→ What the task asks: Transcribe exactly, and only, the lines from the one with "La montre Michael" through the end of the records below, including both of those lines. Skip all pictures.

▼

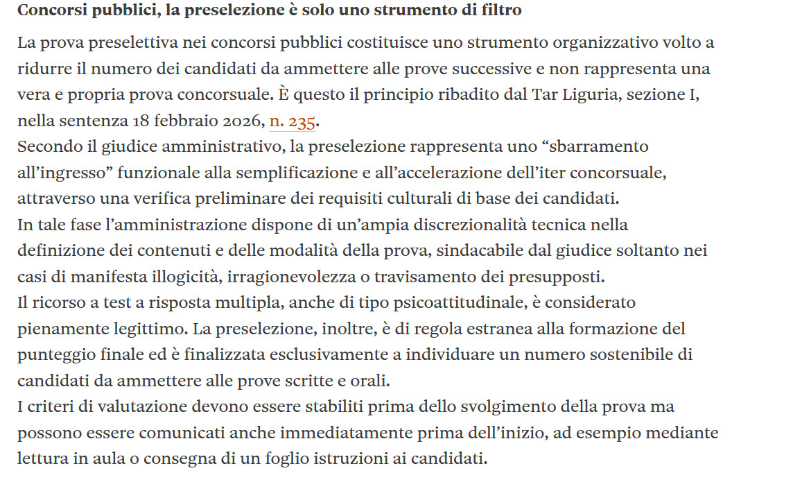La preselezione nei concorsi pubblici rappresenta un’importante fase del processo selettivo, concepita per ridurre il numero di candidati che accedono alle prove successive. Questa fase, come evidenziato dalla sentenza del TAR Liguria n. 235 del 18 febbraio 2026, non incide sul merito dei candidati, ma funge da filtro preliminare, in linea con il principio di efficienza amministrativa sancito dall’articolo 97 della Costituzione italiana.
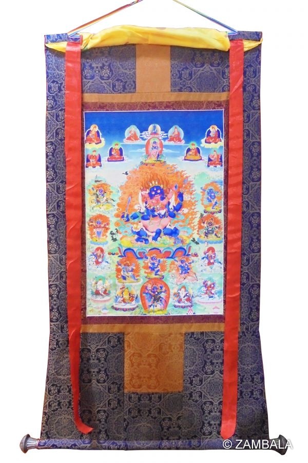 西藏布框印刷〝四臂瑪哈嘎拉〝唐卡
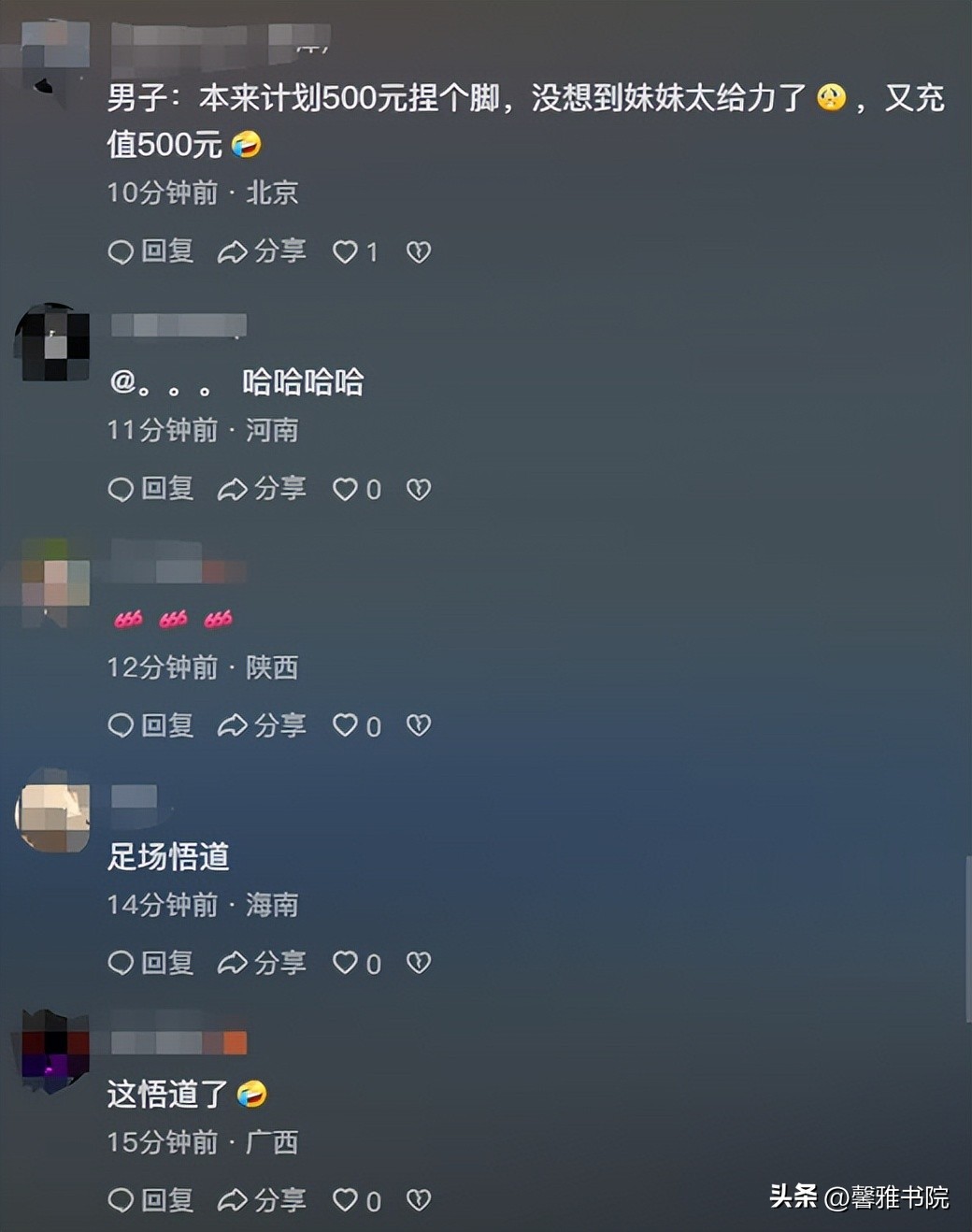 点赞最多的这个网友真是让人笑不活了,这么调侃,说洗了个脚人都升华了。
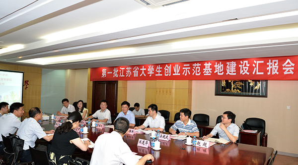 6月18日上午,由南通大学党委副书记、副校长江应中任组长的江苏省大学生创业示范基地建设工作检查组一行五人来我校,对我校大学生创业园获批省级大学生创业示范基地以来的建设情况进行检查。
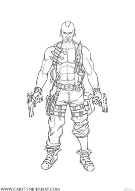 For today's post, something a little different.I decided to redesign a character that I drew relatively recently: Solomon Alexander aka Panzer, whom you can see protrayed in a piece called "The Mercenary" from 2011.
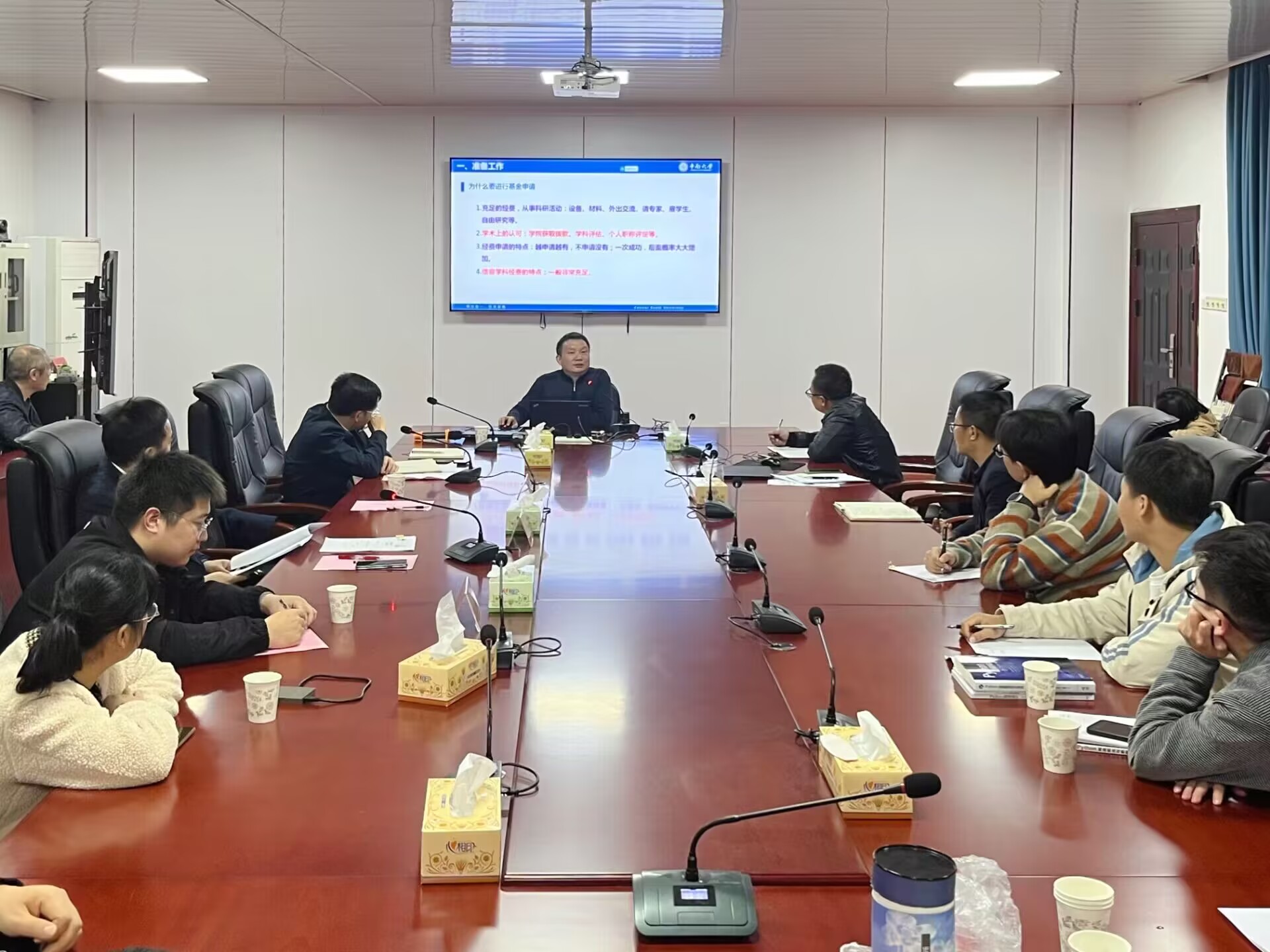 郭克华以《科研基金申报剖析--以国家自然科学基金为例》为题,他结合自己的科研实际,从准备工作、基金现况、选题申报、注意事项等四个方面进行阐述,深入剖析了科研基金申报的重要性,并详细分享了如何提出创新性的研究问题、设计科学的研究方案以及撰写高质量的科研项目申请书。其深入浅出的讲解为在场的青年教师提供了重要指导,大家一致表示获益匪浅。此外,来自长沙理工大学的胡斌博士也就“青年教师学术赋能与科研能力提升”的主题与大家进行经验分享。
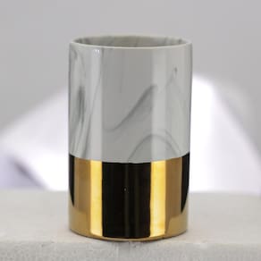 Dê um toque de elegância e sofisticação ao seu banheiro com essa coleção exclusiva de porcelana marmorizada. Combinando a pureza do branco com detalhes dourados, essas peças trarão um charme refinado ao seu espaço de cuidados pessoais.
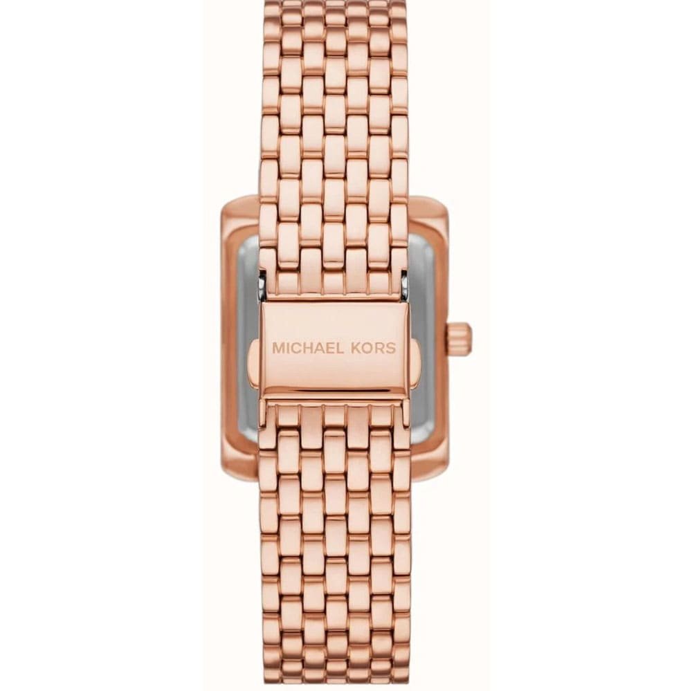 La montre Michael Kors Emery MK4743, dotée d’un boîtier et d’un bracelet rectangulaires en acier inoxydable doré rose.
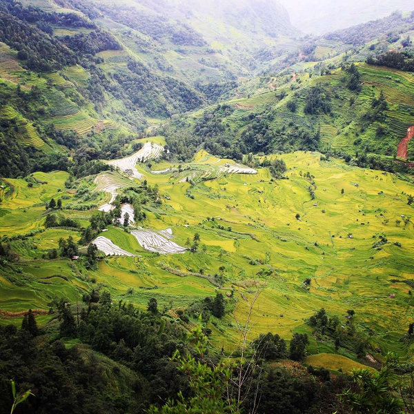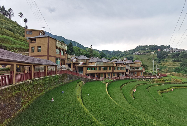 梯田里的稻谷由于栽種時間的差異,成熟度也有差別,從而展現出不一樣的“只此黃綠”色彩,到秋天這里將是一片金黃的豐收景象。(河口縣紀委監委 施佳輝 攝)

▲

→ Solution to this problem:
 La montre Michael Kors Emery MK4743, dotée d’un boîtier et d’un bracelet rectangulaires en acier inoxydable doré rose.
 梯田里的稻谷由于栽種時間的差異,成熟度也有差別,從而展現出不一樣的“只此黃綠”色彩,到秋天這里將是一片金黃的豐收景象。(河口縣紀委監委 施佳輝 攝)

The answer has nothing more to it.